# Task statement
Please keep the pictures out and write out exactly the lines from the first in the data below through the one containing "Режем на одинаковые", both included.

# Stored data

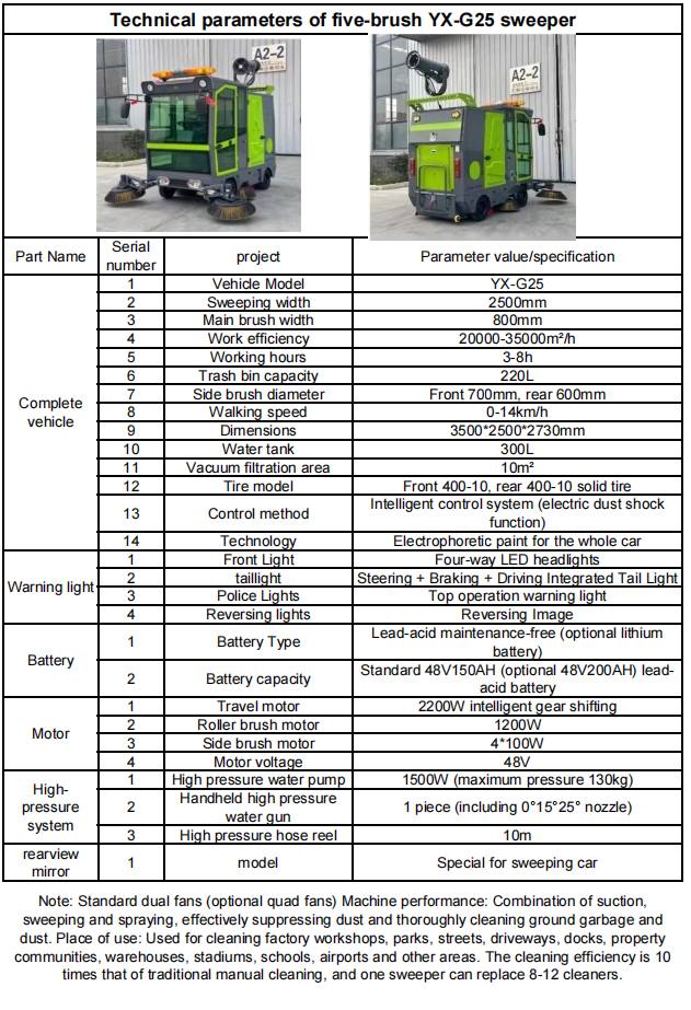 Die Reinigungseffizienz ist zehnmal so hoch wie bei der herkömmlichen manuellen Reinigung, und eine Kehrmaschine kann 8–12 Reiniger ersetzen.
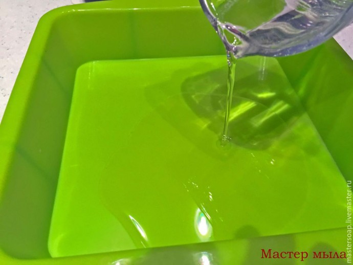 Режем на одинаковые кусочки прозрачную мыльную основу, я использовала производства Англии, но можно взять любую, имеющуюся у вас в наличии. Топим в микроволновой печи, не перегреваем
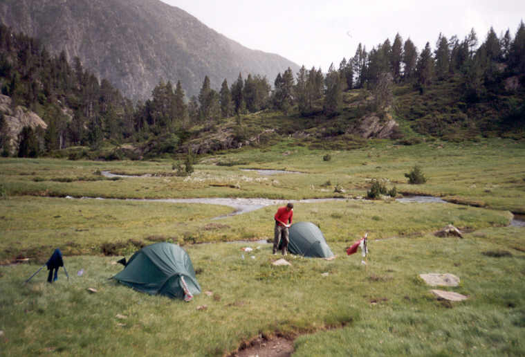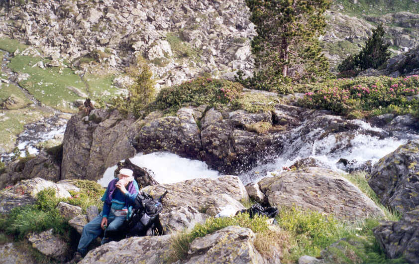 | C'est ainsi que, en voulant couper au plus court vers le lac inférieur, l'Estany de Llavera, Yves et Philippe se retrouvent bloqués devant un torrent puissant qui a creusé un mini-canyon. Séparément, chacun cherche un passage. En prenant des risques, car toute erreur d'appréciation aurait été grave, Yves traverse le premier. Puis il remonte vers Philippe, et l'aide à passer, en lui tendant un bâton. |
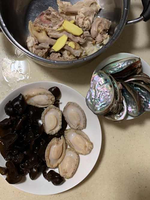 2黑木耳提前泡发,老母鸡焯水,鲍鱼鲍鱼壳刷洗干净,姜片。
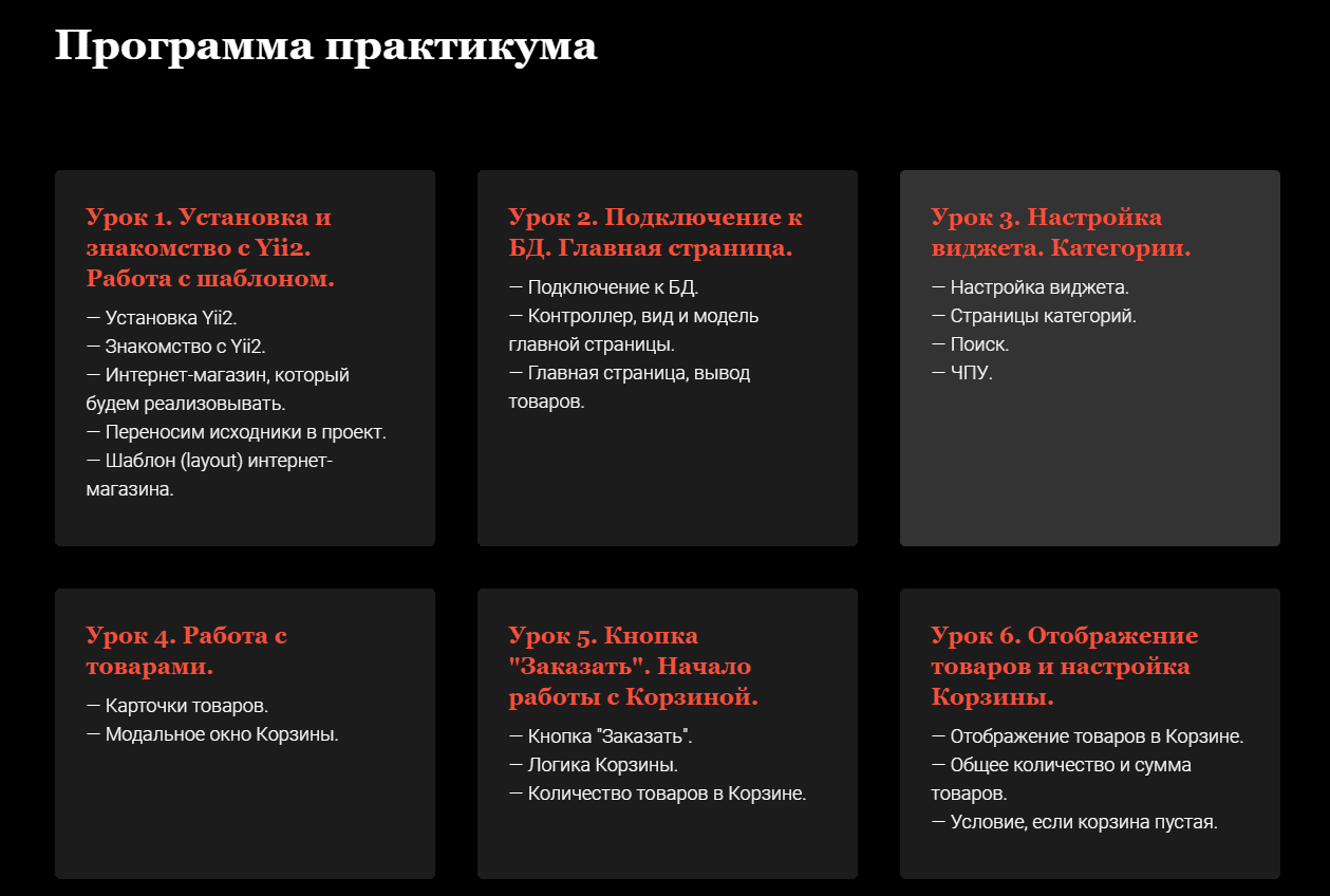 На курсе вы научитесь работать с PHP-фреймворком Yii2 и сделаете на нём интернет-магазин.

# Task answer
 Die Reinigungseffizienz ist zehnmal so hoch wie bei der herkömmlichen manuellen Reinigung, und eine Kehrmaschine kann 8–12 Reiniger ersetzen.
 Режем на одинаковые кусочки прозрачную мыльную основу, я использовала производства Англии, но можно взять любую, имеющуюся у вас в наличии. Топим в микроволновой печи, не перегреваем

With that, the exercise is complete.